Insgesamt gibt es vier verschiedene Typen von Zielvorhaben:

  1. Dauer: Hier kann eine Zeitspanne definiert werden, wie lange sich der jeweilige Nutzer auf Ihrer Seite aufhält (bspw. länger als 10 Minuten).
  2. Seiten/Bildschirme pro Sitzung: Hier können Nutzer definiert werden, die eine bestimmte Anzahl an Seiten auf der jeweiligen Website besucht haben.
  3. Ereignis: Spezielle Aktivitäten der Nutzer, wie zum Beispiel das Anklicken eines Buttons, eines Videos oder ein Download einer Datei
  4. Ziel: Hier wird der Aufruf (oder Nicht-Aufruf) einer Seite erfasst. So können beispielsweise Warenkorbabbrecher definiert werden, die zwar den Warenkorb besucht haben, den Bestellabschluss aber nicht vollständig abgeschlossen haben.

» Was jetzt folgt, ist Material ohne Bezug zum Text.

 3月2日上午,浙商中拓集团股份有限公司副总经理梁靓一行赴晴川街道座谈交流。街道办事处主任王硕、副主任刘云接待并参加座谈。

Haben Sie eines dieser Zielvorhaben erfolgreich definiert, so wechseln Sie in Google Analytics in die Property-Ebene auf Zielgruppendefinitionen und legen Sie hier eine neue Zielgruppe mit genau diesem Zielvorhaben an. Achten Sie darauf, dass Sie anschließend das richtige Google Ads Konto auswählen, mit dem Sie diese Zielgruppen verknüpfen.

Haben Sie mehrere Zielgruppen und Zielvorhaben in Google Analytics angelegt, so können Sie zu Google Ads wechseln. Hier gehen Sie in den Tools zur Zielgruppenverwaltung. Dort sollten nun Ihre angelegten Zielgruppen aufgelistet sein.

 

 

# Für welche Kampagnen ist die gezielte Ansprache sinnvoll?

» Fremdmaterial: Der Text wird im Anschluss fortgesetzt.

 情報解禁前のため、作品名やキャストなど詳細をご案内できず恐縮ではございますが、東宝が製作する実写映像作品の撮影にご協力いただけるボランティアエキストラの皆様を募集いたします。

Grundsätzlich ist es bei allen Kampagnen im Bereich des Suchnetzwerks, des Displaynetzwerks und bei Google Shopping sowie bei YouTube-Werbevideos gleichermaßen möglich, für diese Zielgruppen Gebotsanpassungen abzugeben.

Gerade Google Shopping bietet hier eine gute Möglichkeit, Kunden zu gewinnen. Für die wertvollen Nutzer, die bereits lange mit Ihrer Website interagiert haben oder viele Seiten dort aufgerufen haben, können Sie beispielsweise die höchste Gebotsanpassung abgeben.

Auch können Sie die angesprochenen Warenkorb-Abbrecher definieren und zum Beispiel eine Kampagne nur für diese Nutzer erstellen um diese erneut anzusprechen und auf sich aufmerksam zu machen.

# Fazit

Google Analytics und Google Ads können insgesamt sehr gut miteinander kombiniert werden und die Zielgruppenansprache bietet hier eine hervorragende Möglichkeit, potentiell wertvollere Kunden besser oder ggf. nochmal anzusprechen.

Diese Zielgruppen sind leicht und schnell zu erstellen und dieses Potenzial sollte in jedem Fall beachtet werden. Auch für kleinere Kunden kann diese Möglichkeit sehr gut genutzt werden.